'Bible Studies for Life' overhauled by LifeWay

HOUSTON (BP) -- LifeWay Christian Resources continues to experience "God's hand and God's favor," President Thom S. Rainer said in his report to messengers of the Southern Baptist Convention in Houston.

LifeWay unveiled in its presentation an updated and enhanced version of "Bible Studies for Life," LifeWay's most popular Bible study series, reaching more than 1.5 million people in 30,000 churches.

Following a video describing the curriculum, Eric Geiger, vice president of church resources, and Ronnie Floyd, pastor of Cross Church in Springdale, Ark., and general editor of the curriculum, introduced messengers to how Bible Studies for Life focuses on real-life issues targeting the unreached and unchurched and is designed to connect the unconnected, strengthen families and disciple people with wisdom.
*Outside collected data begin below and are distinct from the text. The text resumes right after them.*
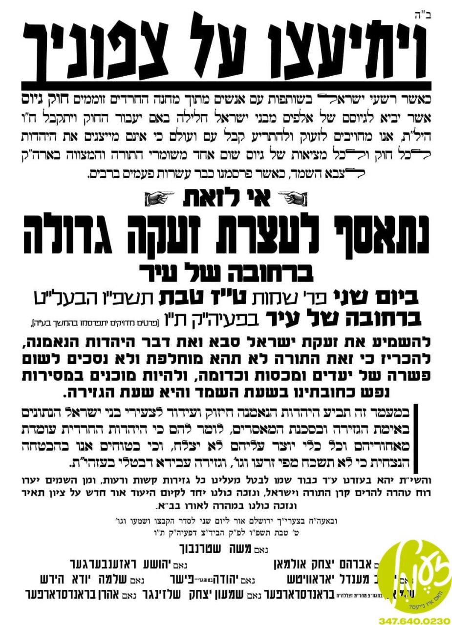ירושלים - נאך וואס עס איז געמאלדן געווארן ביים נעכטיגע כינוס גדולי ישראל א מאסן עצרת מחאה קומענדיגע וואך מאנטאג, איז ערשינען א קול קורא פון די בד"ץ עדה החרדית זיך צו באטייליגן ביים עצרת.
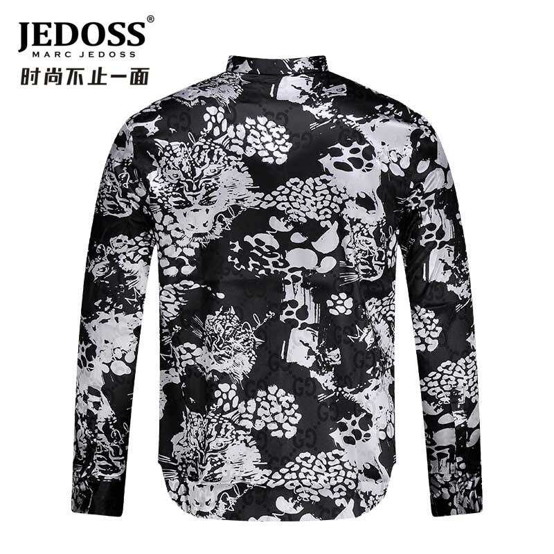 衬衫 JEDOSS 089 长袖 烫银暗纹丝质感黑修身 爵迪斯男装 春夏上新款
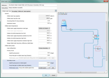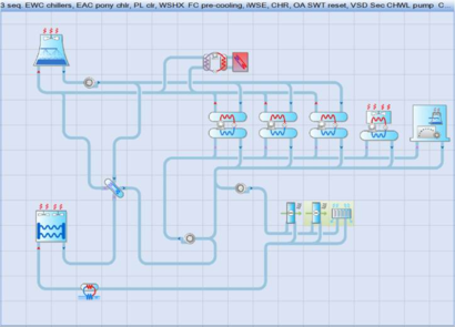 During simulation, chillers within a chiller set are switched in according to a user-specified sequence. During autosizing, sequenced chillers and the associated heat rejection plant and water flow rates are sized on the basis of user-specified percentages of the peak design load. Whether chillers are autosized or manually sized, the sizing of heat rejection equipment on the condenser water loop is always tied to the set cooling capacity of the chiller(s) that will operate maximum sequence load range. When electric-water-cooled chillers are included, and thus there is an associated cooling tower or fluid cooler, the chiller set may operate in waterside economizer mode (integrated or non-integrated modes are offered).

"All of LifeWay's Bible studies are rooted in Scripture, focused on Jesus and applicable to life," Geiger said. "The new Bible Studies for Life has the starting point of life. It is designed to help churches and small groups understand where the Bible meets their life."

Floyd led an advisory team of pastors and ministry leaders from across the nation to help design the new material from a church perspective.
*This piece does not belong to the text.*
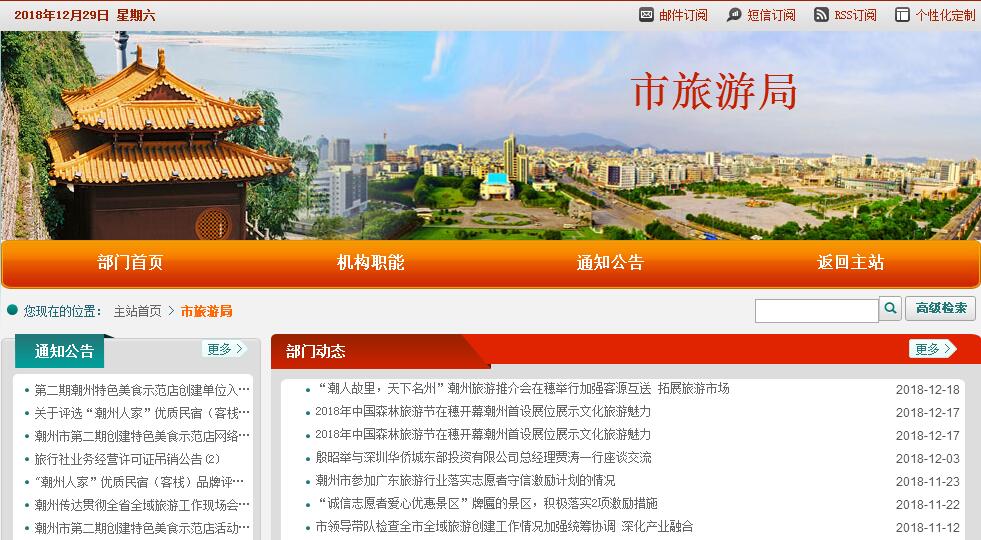 潮州市旅游局主要職責(zé):(一)貫徹執(zhí)行國家、省有關(guān)旅游工作的法律法規(guī)和方針政策,協(xié)調(diào)全市旅游業(yè)改革與發(fā)展工作;起草有關(guān)規(guī)范性文件,制訂全市旅游發(fā)展戰(zhàn)略、規(guī)劃、政策,經(jīng)批準(zhǔn)后組織實施;指導(dǎo)各區(qū)縣旅游工作。(二)研究和推進旅游綜合改革;協(xié)調(diào)旅游安全、旅游應(yīng)急救援、節(jié)假日旅游、紅色旅游、旅游扶貧等工作,引導(dǎo)休閑度假,協(xié)調(diào)和推動國民旅游休閑計劃實施;監(jiān)測旅游經(jīng)濟運行,負(fù)責(zé)全市旅游統(tǒng)計工作及行業(yè)信息發(fā)布。(三)會同有關(guān)部門編制發(fā)展旅游產(chǎn)業(yè)的中、長期規(guī)劃和年度計劃;組織對全市旅游資源的普查、保護、開發(fā)與利用工作;引導(dǎo)旅游業(yè)社會投資,引導(dǎo)旅游產(chǎn)品發(fā)開和旅游制造業(yè)發(fā)展;指導(dǎo)重點旅游區(qū)域、景區(qū)景點和旅游產(chǎn)品的規(guī)劃與建設(shè),指導(dǎo)旅游景區(qū)開展質(zhì)量等級評定工作。(四)制訂和組織實施開拓國內(nèi)、國際旅游客源市場的規(guī)劃、計劃;組織協(xié)調(diào)潮州旅游整體形象的對外宣傳和促銷推廣活動;開發(fā)推廣旅游市場和旅游線路;負(fù)責(zé)國內(nèi)、國際旅游交流與合作事務(wù)。(五)負(fù)責(zé)旅游行業(yè)管理工作,依法負(fù)責(zé)有關(guān)旅游業(yè)務(wù)的審核、審批工作和出入境旅游管理工作;牽頭開展旅游綜合執(zhí)法工作,負(fù)責(zé)監(jiān)督管理旅游市場秩序和服務(wù)質(zhì)量;組織實施旅游區(qū)、旅游設(shè)施、旅游服務(wù)、旅游產(chǎn)品等行業(yè)標(biāo)準(zhǔn)工作,指導(dǎo)旅游飯店評定星級工作;指導(dǎo)旅游行業(yè)精神文明建設(shè)和誠信體系建設(shè);指導(dǎo)行業(yè)組織的業(yè)務(wù)工作。(六)組織制訂和實施旅游信息化建設(shè)發(fā)展規(guī)劃,推動旅游與信息化融合發(fā)展;會同有關(guān)部門推進旅游公共服務(wù)體系規(guī)劃、建設(shè)和管理工作,推進旅游產(chǎn)業(yè)與各個產(chǎn)業(yè)的融合發(fā)展,組織指導(dǎo)和促進旅游產(chǎn)品(商品)的開發(fā)。(七)制訂并組織實施旅游人才規(guī)劃,組織指導(dǎo)旅游教育培訓(xùn)工作;會同有關(guān)部門指導(dǎo)實施旅游從業(yè)人員職業(yè)資格標(biāo)準(zhǔn)和等級標(biāo)準(zhǔn)工作;負(fù)責(zé)全市導(dǎo)游人員的管理工作。(八)承擔(dān)市旅游產(chǎn)業(yè)發(fā)展協(xié)調(diào)領(lǐng)導(dǎo)小組的日常工作。(九)管理屬下事業(yè)單位。(十)承辦市委、市政府和上級有關(guān)部門交辦的其他事項。

"We designed this curriculum series listening to leaders from churches of all sizes and all walks of life and ministry," Geiger said. "I can assure all Southern Baptists that Bible Studies for Life comes from the church to the church."

Floyd said every study lasts six weeks and is designed around books of the Bible, various themes such as stewardship and the Great Commission, and some speak to morality, life's pressures and mental health issues.

"This is where the Bible meets life," Floyd said of the new curriculum series.

Geiger expressed hope that Bible Studies for Life helps churches in three specific areas: connecting the unconnected, strengthening families and discipling with wisdom.

"We know from research that people who are connected serve more sacrificially, they give more generously, they share the Gospel more and they are cared for carefully," Geiger said. "We believe Bible Studies for Life will help churches connect people to groups."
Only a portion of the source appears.